Duty to be Accurate – by Philip King FCICM
2nd February 2018
In my last blog, I had a bit of a rant about the glib, and incorrect, use of insolvency terminology in relation to Carillion being placed into Compulsory Liquidation.
There was a debate in the House of Lords on 22 January in response to a question from Lord Mendelsohn asking what progress had been made in establishing the role of the Small Business Commissioner and what further action was being taken by government to support SMEs, including tackling the issue of late payments. If I was frustrated by the media’s recent misuse of insolvency terminology, my frustration was as nothing when compared to my irritation when reading the Hansard transcription of this debate.
Lord Mendelsohn talked about measures in place to try to encourage payment, some of them long standing, such as the Late Payment of Commercial Debts (Interest) Act 1998, amended and supplemented by the Late Payment of Commercial Debts Regulations 2002, and he asked for the Minister’s observations on companies’ duty to report under the Prompt Payment Code. I don’t want to appear a pedant, and I presume a researcher is more to blame than the noble Lord, but he seemed to overlook the Late Payment of Commercial Debts Regulations 2013 when he mentioned the 2002 regulations. Further, there is no ‘duty to report’ under the Prompt Payment Code; I assume he was referring to The Reporting on Payment Practices and Performance Regulations 2017 that were made to exercise the requirements of the Small Business, Enterprise and Employment Act 2015.

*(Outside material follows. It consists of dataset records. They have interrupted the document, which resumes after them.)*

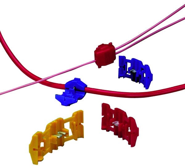 Les Electro-Tap AMP de TE sont des connecteurs de dérivation isolés et autodénudants. La couleur Rouge (0,5-0,9mm²), Bleue (1-2,5mm²) ou Jaune (4-6mm²) du boîtier en nylon permet de choisir rapidement et sans risque le produit selon la section des fils à raccorder. La mise en œuvre se fait simplement en refermant le boîtier avec une simple pince plate, sans dénudage ni coupe des conducteurs mono ou multibrins.
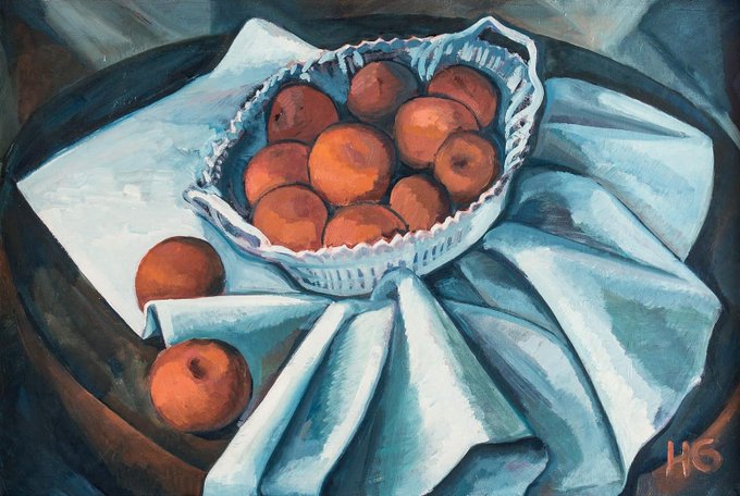 Hilde Goldschmidt- Obstschale auf weißem Tuch.
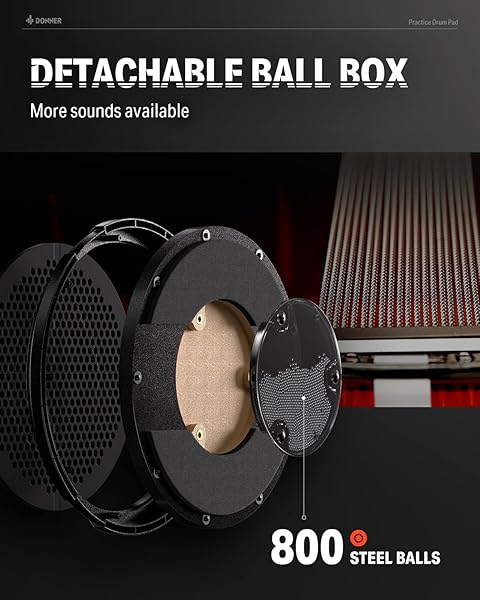 - Drum Practice Pad 12 Inches, Donner Quiet Drum Pad with Removable Snare Simulation Built-in 800 Steel Balls, Drum Sticks, 40 Standard Rudiments(Black) with reliable performance and quality- [Simulated Snare Sound] This drum pad is equipped with a detachable snare simulator containing 800 steel balls which simulates the sound of a real snare drum and makes it more immersive- [Chop Builder] Donner Drum Practice Pad is a highly long-lasting practice pad. It offers an authentic

We are treated to an array of late payment statistics that range from the sublime to the ridiculous, and there is wide confusion about the measures aiming to deal with it. I’ve challenged a number of journalists and broadcasters in recent days about inadequate research leading to misinformation in their reporting, in particular about the Prompt Payment Code, but surely we’re entitled to expect accuracy in Parliamentary debates.
Just for the record, this diagram sets out the current government late payment measures, and I believe it’s accurate.
Currently, there is no requirement for signatories to the Prompt Payment Code to report, and the Code is a voluntary commitment by signatories to behave responsibly towards suppliers by paying them promptly. If a signatory fails to live up to the commitment, their signatory status can be challenged and the Chartered Institute of Credit Management will intervene, talk to both parties, assist in obtaining immediate payment of the outstanding invoices and identify what action is necessary to ensure prompt payment for the future. If the challenge cannot be successfully resolved in this way, the signatory can be removed from the Code.
The liquidation of Carillion has brought the subject of late payment to the fore but it’s worth noting that, sadly, no supplier nor business organisation had challenged the company’s behaviour since June 2016. Small businesses can be nervous about raising their head above the parapet, although there’s evidence to suggest they don’t need to be, but the same can’t be said for business organisations and it’s surprising, and to be regretted, that they remain silent. I have no idea what might have happened if Carillion had been the subject of a challenge but, if one had been raised and the company had been removed from the Code, some small businesses might have thought twice about becoming a supplier. Sometimes silence isn’t golden.